== The data ==

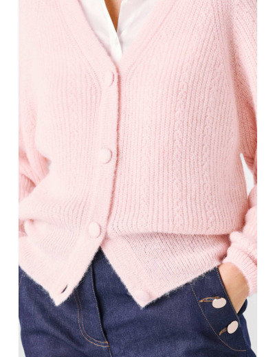 Tissu principal : 42% acrylique, 33% alpaga, 25% polyamide. Longueur 73 cm (taille S). Col V échancré, manches longues. Lavage à la main recommandé pour préserver la qualité et la douceur du tissu. Modèle fabriqué en Italie.
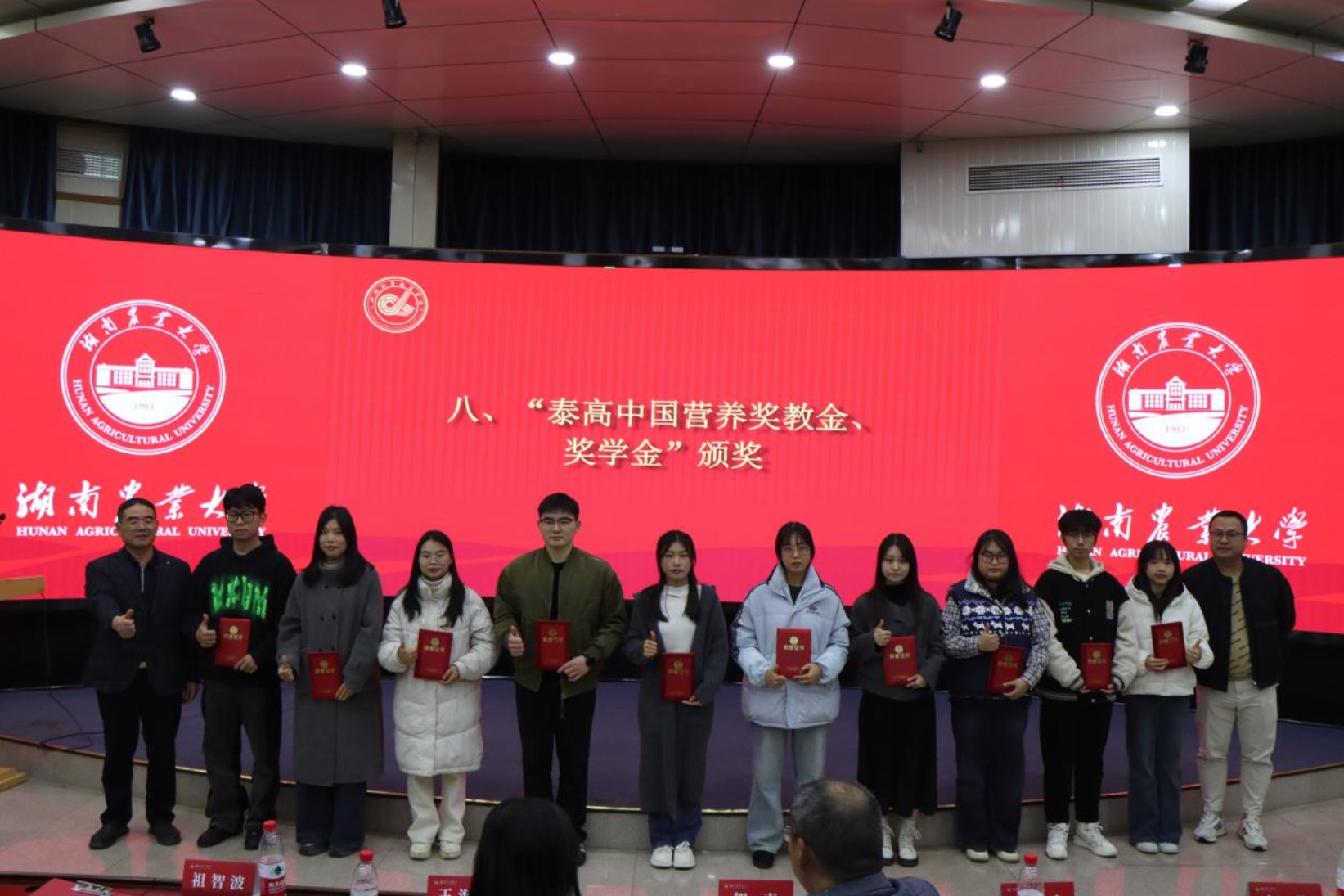 为深化校企协同育人,搭建产教融合坚实平台,助力员工拓展行业视野,明晰职业发展路径,12月3日下午,beats365在生命科学楼国际会议厅举行2025年“泰高中国动物营养奖教金、奖学金”颁奖典礼。泰高集团中国运营总监王海英、泰高集团中国高级技术服务经理朱且专、泰高集团中国湖南工厂人力资源主管罗莉娟、beats365经理贺喜、党委书记祖智波、副经理何俊、党委副书记周军铁、副经理范志勇、公司教师代表、学工办辅导员、全体获奖师生及各班级员工代表参加了颁奖典礼。
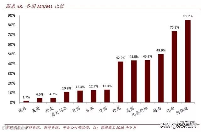 M0 增长趋缓、整体现金需求降低。央行数字货币用于替代现金,属于 M0 范畴,而 广义货币中的活期存款部分已由现有支付体系高效处理。我国银行间支付清算系统 (如大小额支付系统和网上支付跨行清算系统等)、商业银行行内系统以及非银行支 付机构的各类网络支付手段等运转高效,社会对于现金的需求逐渐降低。截至 9 月 末 M0 货币供应量为 7.4 万亿元、同比仅增长 4%、在 M2 中的比重降至不足 4%。
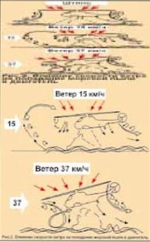 На рис. 2 показана схема зависимости движения морской пыли, поднятой индуктивным воздушным потоком НВ вертолета, от направления и скорости ветра. Рисунок показывает, что наименее приемлемым для вертолета SH-3D Sea King является висение на высоте II = 0,8-1,2 м при скорости ветра 15 км/ч. 1! этом случае расстилающаяся по волной поверхности морская пыль поднимается встречным потоком воздуха и устремляв! ся в район воздухозаборников двигателей. При большей или меньшей скорости ветра этот эффект значительно уменьшается. Строго говоря, неблагоприятная высота висения зависит как от скорости ветра, так и от скорости индуктивного потока НВ. то есть от нагрузки его на ометаемую поверхность.
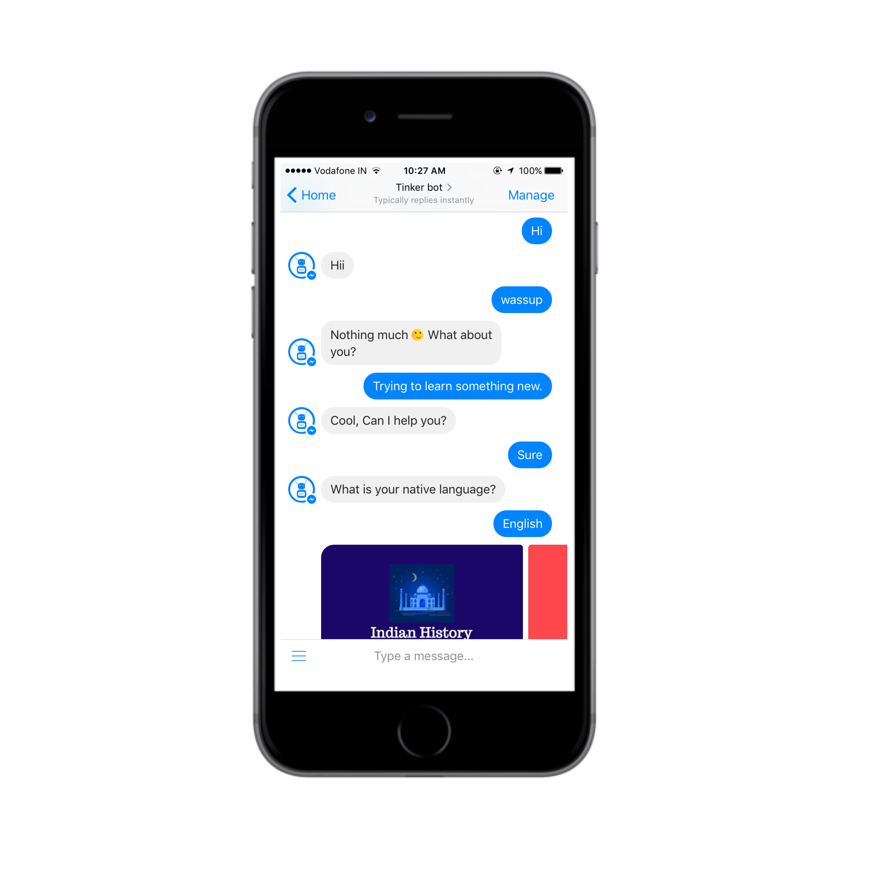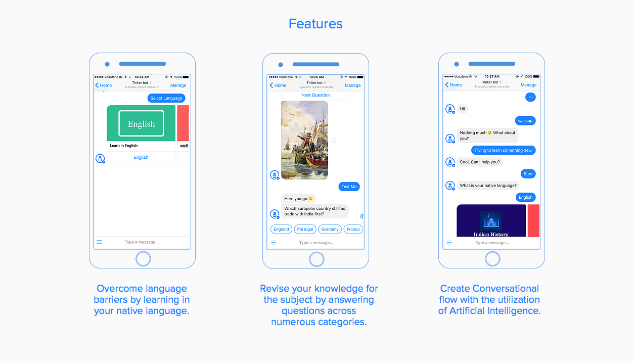 Tinker Bot was started with an intention to change the way students are educated in India. The Bot is based on Artificial Intelligence and uses Natural Language Processing to communicate with users. The Bot uses various curriculum from various boards to teach new and interesting things.
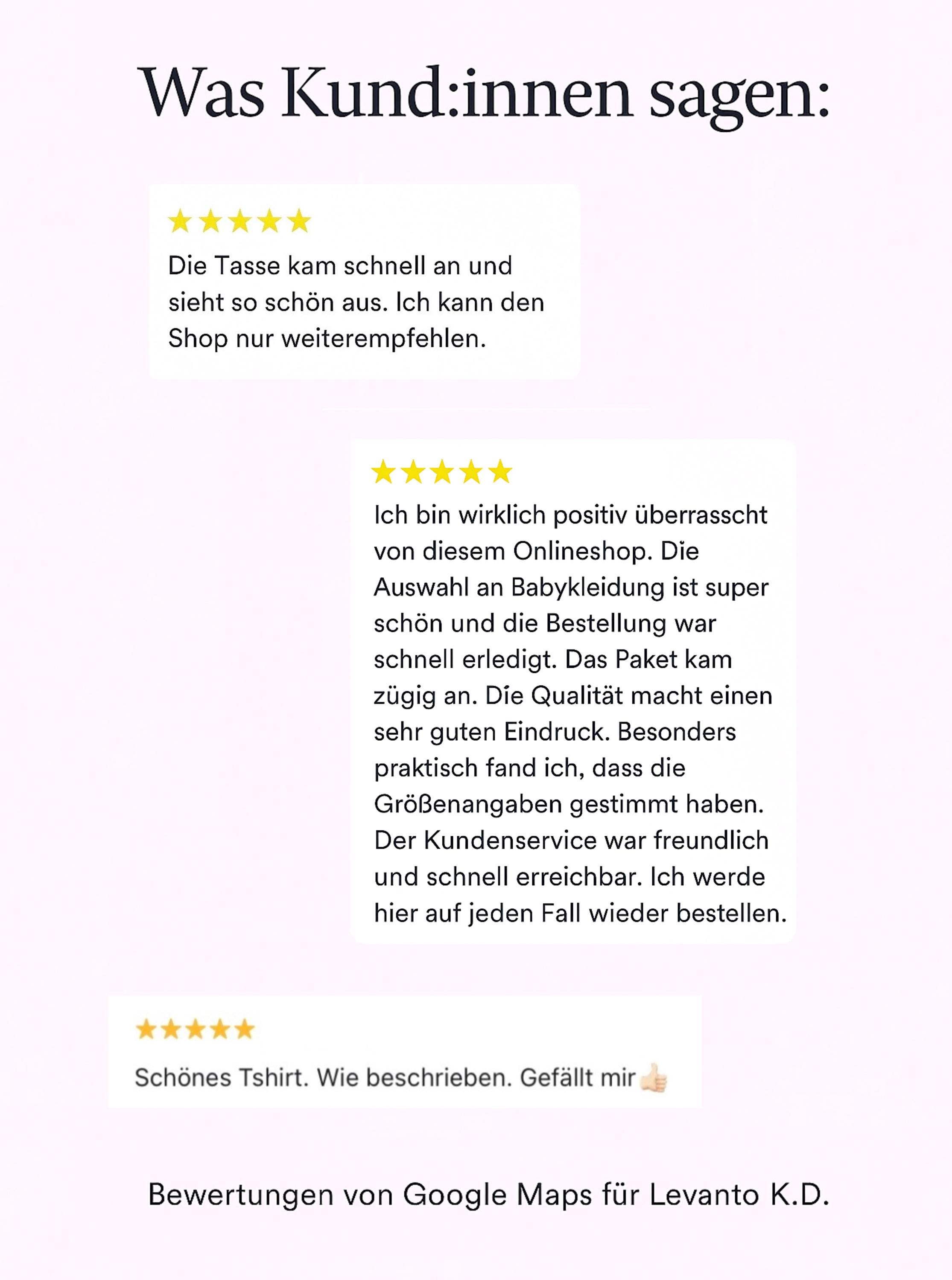 Um Ihr Widerrufsrecht auszußben, mßssen Sie uns (Kristina Durnberger Almethiab, Blumenstr. 18 a, 86850 Fischach, E-Mail: shop.levanto@gmail.com) mittels einer eindeutigen Erklärung ßber Ihren Entschluss informieren.

===

What needs to be done: Skip the pictures, please, and transcribe only the lines from the beginning of the material through the one that contains "На рис. 2 показана".

Answer to this problem:
 Tissu principal : 42% acrylique, 33% alpaga, 25% polyamide. Longueur 73 cm (taille S). Col V échancré, manches longues. Lavage à la main recommandé pour préserver la qualité et la douceur du tissu. Modèle fabriqué en Italie.
 为深化校企协同育人,搭建产教融合坚实平台,助力员工拓展行业视野,明晰职业发展路径,12月3日下午,beats365在生命科学楼国际会议厅举行2025年“泰高中国动物营养奖教金、奖学金”颁奖典礼。泰高集团中国运营总监王海英、泰高集团中国高级技术服务经理朱且专、泰高集团中国湖南工厂人力资源主管罗莉娟、beats365经理贺喜、党委书记祖智波、副经理何俊、党委副书记周军铁、副经理范志勇、公司教师代表、学工办辅导员、全体获奖师生及各班级员工代表参加了颁奖典礼。
 M0 增长趋缓、整体现金需求降低。央行数字货币用于替代现金,属于 M0 范畴,而 广义货币中的活期存款部分已由现有支付体系高效处理。我国银行间支付清算系统 (如大小额支付系统和网上支付跨行清算系统等)、商业银行行内系统以及非银行支 付机构的各类网络支付手段等运转高效,社会对于现金的需求逐渐降低。截至 9 月 末 M0 货币供应量为 7.4 万亿元、同比仅增长 4%、在 M2 中的比重降至不足 4%。
 На рис. 2 показана схема зависимости движения морской пыли, поднятой индуктивным воздушным потоком НВ вертолета, от направления и скорости ветра. Рисунок показывает, что наименее приемлемым для вертолета SH-3D Sea King является висение на высоте II = 0,8-1,2 м при скорости ветра 15 км/ч. 1! этом случае расстилающаяся по волной поверхности морская пыль поднимается встречным потоком воздуха и устремляв! ся в район воздухозаборников двигателей. При большей или меньшей скорости ветра этот эффект значительно уменьшается. Строго говоря, неблагоприятная высота висения зависит как от скорости ветра, так и от скорости индуктивного потока НВ. то есть от нагрузки его на ометаемую поверхность.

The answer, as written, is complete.